The workshop takes place on Tuesday 4 June at the University of Twente. Other invited spearkers at the CTIT symposium are Maarten de Rijke (U. Amsterdam) and Milan Petkovic (Philips).

Mattijs Ugen graduates on scalable performance for digital forensics

Wednesday, April 24th, 2013, posted by Djoerd Hiemstra

Scalable performance for a forensic database application

by Mattijs Ugen

As digital forensic investigations deal with more and more data, the Netherlands Forensic Institute, NFI, foresees scalability issues with the current solution in the near future. Following the global trend towards distributed solutions for ‘Big data’ problems, the NFI wants to find a suitable architecture to replace the currently used XIRAF system. Using experimental implementations on top of a selection of distributed data stores, we present query performance timings in three different scaling dimensions: cluster size, working set size and the amount of parallel clients. We present that scaling characteristics for parallel clients show a linear trend, but proves hard to measure for the other dimensions. A distributed search engine architecture proves the best candidate for the NFI, warranting closer investigation in that area for a real-world deployment.

[download pdf]

Traitor: Associating Concepts using the WWW

Wednesday, April 17th, 2013, posted by Djoerd Hiemstra

by Wanno Drijfhout, Oliver Jundt, and Lesley Wevers

Traitor uses Common Crawl’s 25TB data set of web pages to construct a database of associated concepts using Hadoop. The database can be queried through a web application with two query interfaces. A textual interface allows searching for similarities and differences between multiple concepts using a query language similar to set notation, and a graphical interface allows users to visualize similarity relationships of concepts in a force directed graph.

To be presented at the 13th Dutch-Belgian Information Retrieval Workshop DIR 2013 on 26 April in Delft, The Netherlands

[download pdf]

Try Traitor at

Readability of the Web

Monday, April 15th, 2013, posted by Djoerd Hiemstra

A study on 1 billion web pages.

by Marije de Heus

Automated Readability Index for the Web

We have performed a readability study on more than 1 billion web pages. The Automated Readability Index was used to determine the average grade level required to easily comprehend a website. Some of the results are that a 16-year-old can easily understand 50% of the web and an 18-year old can easily understand 77% of the web. This information can be used in a search engine to filter websites that are likely to be incomprehensible for younger users.

To be presented at the 13th Dutch-Belgian Information Retrieval Workshop DIR 2013 on 26 April in Delft, The Netherlands

[download pdf]

18 March: Norvig Award Ceremony

Wednesday, February 27th, 2013, posted by Djoerd Hiemstra

Update (19 March): See the photos of the event.

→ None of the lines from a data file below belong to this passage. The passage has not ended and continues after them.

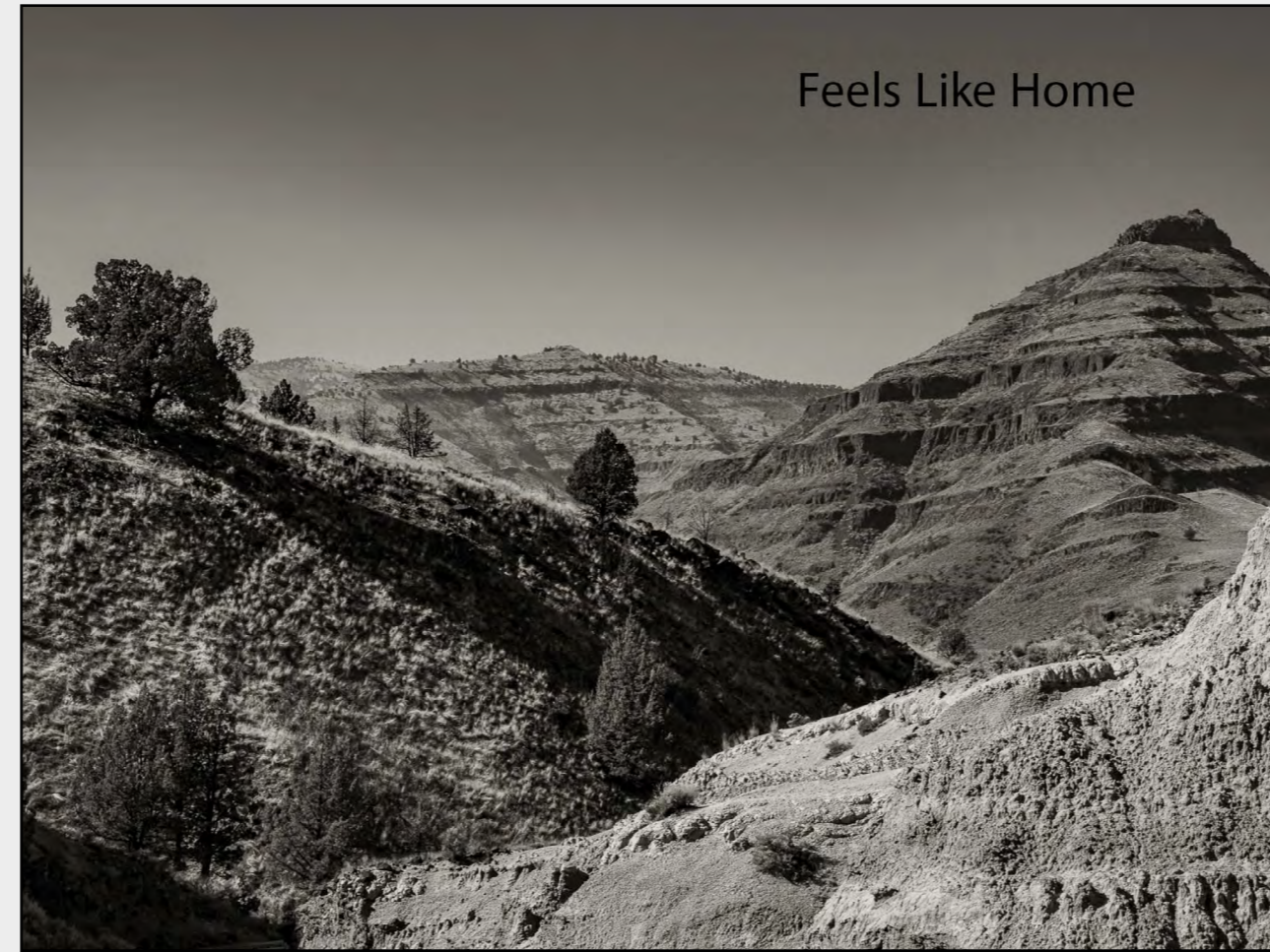
Feels Like Home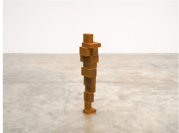
Antony Gormley, Small Still II, (2025). Cast iron. 92.5x18x18cm.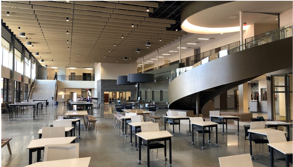
Two-story multipurpose space serves as a cafeteria and a large meeting space that opens to outdoor courtyard/seating.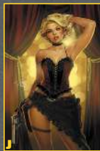
J BLUERAINBOW ONLINE EXCLUSIVE LIMITED EDITION OF 100 WWW.BLUERAINBOW.COM BY - SIYA OUM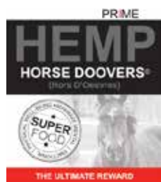
Tasty Hemp Nuggets 1lb - $13.95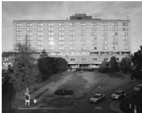
The Sydney Adventist Hospital, which recently received an award for excellence in patient care.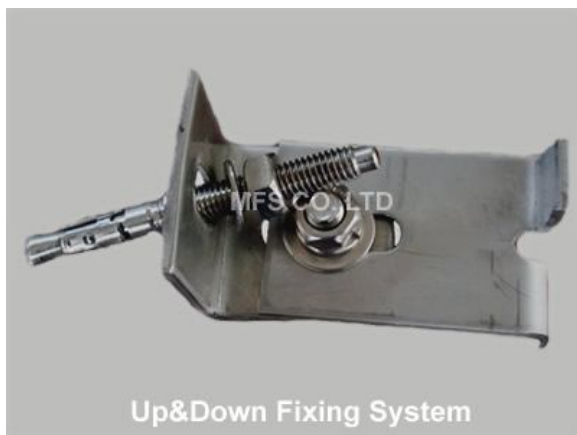
Up&Down Fixing System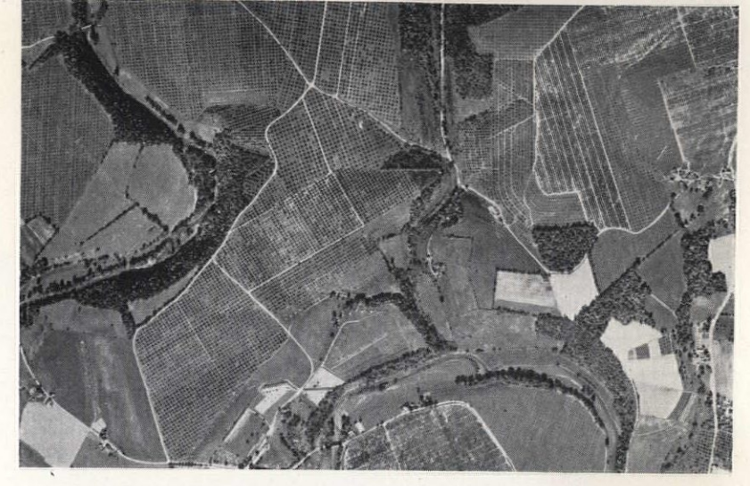
A locality of neatly spaced orchard trees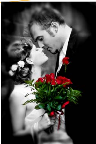
Photographic & Video Services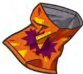
6. CHIP BAG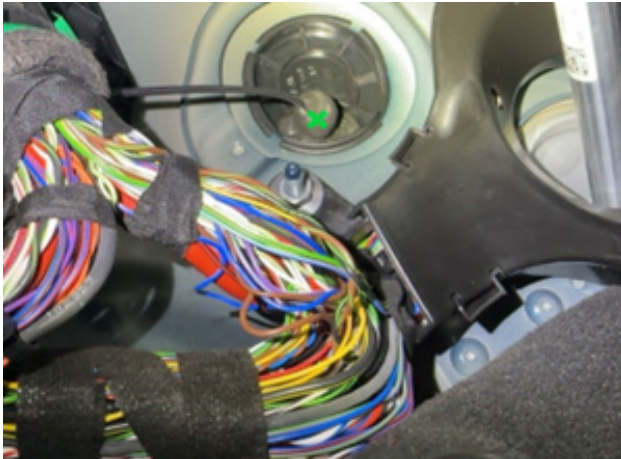
Figure 4 Cabin Side - Clutch Master Cylinder Grommet

On 18 March, starting at 15.45 h. until 17.30 h. the Norvig Web Data Science Award Ceremony takes place in the SmartXP lab in building Zilverling of the University of Twente. During the ceremony, Peter Norvig, Director of Research at Google, will award the prize (funds to attend the 2013 edition of SIGIR in Dublin Ireland, a tablet, and a lightening talk at Hadoop Summit in Amsterdam) to the winners via a live video connection from California, USA. Participation in the event is free of charge. Please register by sending your name and affiliation to: Students and researchers will get the opportunity to ask questions to Peter Norvig during the event. If you have a good question, please send it to the email address above too: Maybe your question will be selected to be asked at the event.

Peter Norvig
Announcement at Inter-Actief

More information at U. Twente Activities

The Winners of The Norvig Web Data Science Award

Tuesday, February 26th, 2013, posted by Lisa Green

by Lisa Green (Common Crawl)

We are very excited to announce that the winners of the Norvig Web Data Science Award: Lesley Wevers, Oliver Jundt, and Wanno Drijfhout from the University of Twente! The Norvig Web Data Science Award was created by Common Crawl and SURFsara to encourage research in web data science and named in honor of distinguished computer scientist Peter Norvig.

There were many excellent submissions that demonstrated how you can extract valuable insight and knowledge from web crawl data. Be sure to check out the work of the winning team, Traitor – Associating Concepts Using The World Wide Web, and the other finalists on the award website. You will find descriptions of the projects as well as links to the code that was used. We hope that these projects will serve as an inspiration for what kind of work can be done with the Common Crawl corpus. All code is open source and we are looking forward to seeing it reused and adapted for other projects.

A huge thank you to our distinguished panel of judges: Peter Norvig, Ricardo Baeza-Yates, Hilary Mason, Jimmy Lin, and Evert Lammerts!

Added on 18 March: Award winners Oliver Jundt, Wanno Drijfhout, and Lesley Wevers with their prize: a high-end Android tablet!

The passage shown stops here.